From: kictanet <kictanet-bounces+arebacollins=gmail.com at lists.kictanet.or.ke> on behalf of Mwendwa Kivuva via kictanet <kictanet at lists.kictanet.or.ke>
Reply-To: KICTAnet ICT Policy Discussions <kictanet at lists.kictanet.or.ke>
Date: Monday, 27 June 2016 11:35 pm
To: Collins Areba <arebacollins at gmail.com>
Cc: Mwendwa Kivuva <Kivuva at transworldafrica.com>, KICTAnet ICT Policy Discussions <kictanet at lists.kictanet.or.ke>
Subject: Re: [kictanet] Kenya cuts cost of acquiring .ke domain by a third

 

Dr. Waudo,

 

On 27 June 2016 at 20:37, waudo siganga <emailsignet at mailcan.com> wrote:

Hi Mwendwa - maybe Collins was only using co.ke as an example, to ask the question whether it is possible to register second level rather than third-level domains on .ke because that could be a business idea????

W.

 

I think my explanation on IG issues has evolved to a level not easily comprehensible. We are talking the same thing here. That the namespace can be opened to accommodate registrations at the second level rather than sub domains. We may get an announcement soon on the same from the relevant bodies. But for that to happen, there must be proper stakeholder engagement. It cannot happen overnight. For example, a reservation period of say 4 years has to be put in place for all the current owners of any .ke domain to register their name first before anybody else takes them up. So I don't expect Collins to own google.ke at the expense of google.co.ke. So if there was a popular name you were dreaming of, you have no luck because the current owners are given first priority.

 

There is a misconception by the community that opening up the namespace to allow registration at the second level will push up number, or that it will give people more variety. Nothing can be further from the truth. My crystal ball (not the same as that of Makau Mutua) tells me that we will not achieve more than 10,000 after opening it up. And most of this will be domainers. South Africa have never opened up their .za namespace yet they still managed to get their domains to surpass the one million mark. We are still sub 100k.

 

I can see Ebele salivating at the possibility of registering Achike Adefolake Adeleke Adenike Fowoke Ibironke Oluwatoke ...

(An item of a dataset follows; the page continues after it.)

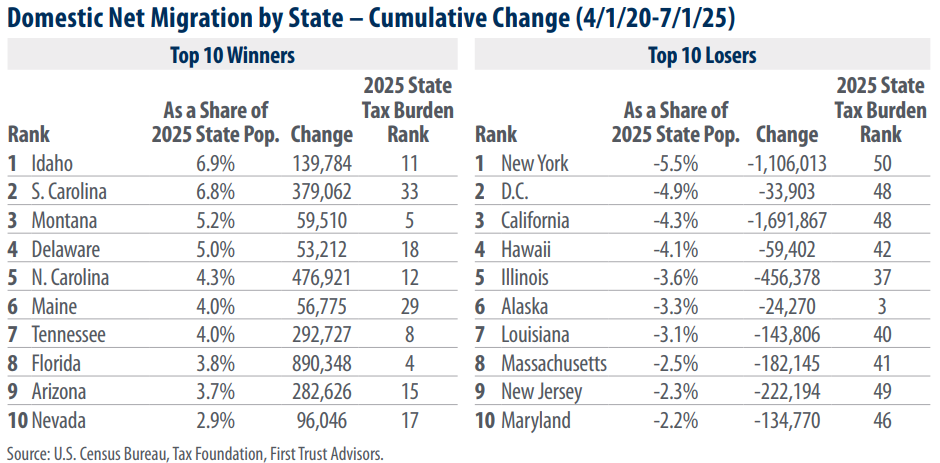 Many believed the migration patterns during COVID would reverse as people returned to work, but that has not happened. The data reveals a sustained trend towards states with lower taxes and lower cost of living. Analyzing Census data from April 1, 2020, through July 1, 2025, shows Idaho led the way gaining 6.9% in domestic net migration as a share of its state population over that period. On the flip side, New York faced a substantial loss, with a 5.5% decrease in domestic net migration as a share of its state population. In terms of sheer numbers, Florida emerged as the leader in net domestic migration, welcoming 890,348 individuals, while California witnessed the largest outflow, losing 1.692 million residents. The top 10 winners in domestic migration over this period displayed an average tax burden ranking of 15. Conversely, the top 10 losers in domestic migration exhibited an average tax burden ranking of 40.

KENIC should not rely on Nigeria or any other external source to push our numbers up. Nigeria with 180 million people has only managed a paltry 70k domains in the .ng. They don't have enough disposable income to push their numbers up, let alone ours. You see, there is a correlation of domain registrations with income per capita. See this simple statistics 

de at 16million domains, population 81million people, per capita $47,033

.uk at 10million domains, population 65million people, per capita $41,159

.za at 1million domains, population 54 million people, per capita $13,165

.ng at 70thousand domains, population180million people, per capita $6,108

.ke at 58thousand domains, population 44million people, per capita $2,780

 

My point is, the growth of the .ke namespace is not reliant on excuses that it's not open. Because when we shall open it, then we will start looking at the next scapegoat. Remember the number portability that we all asked to have? It's virtually dead.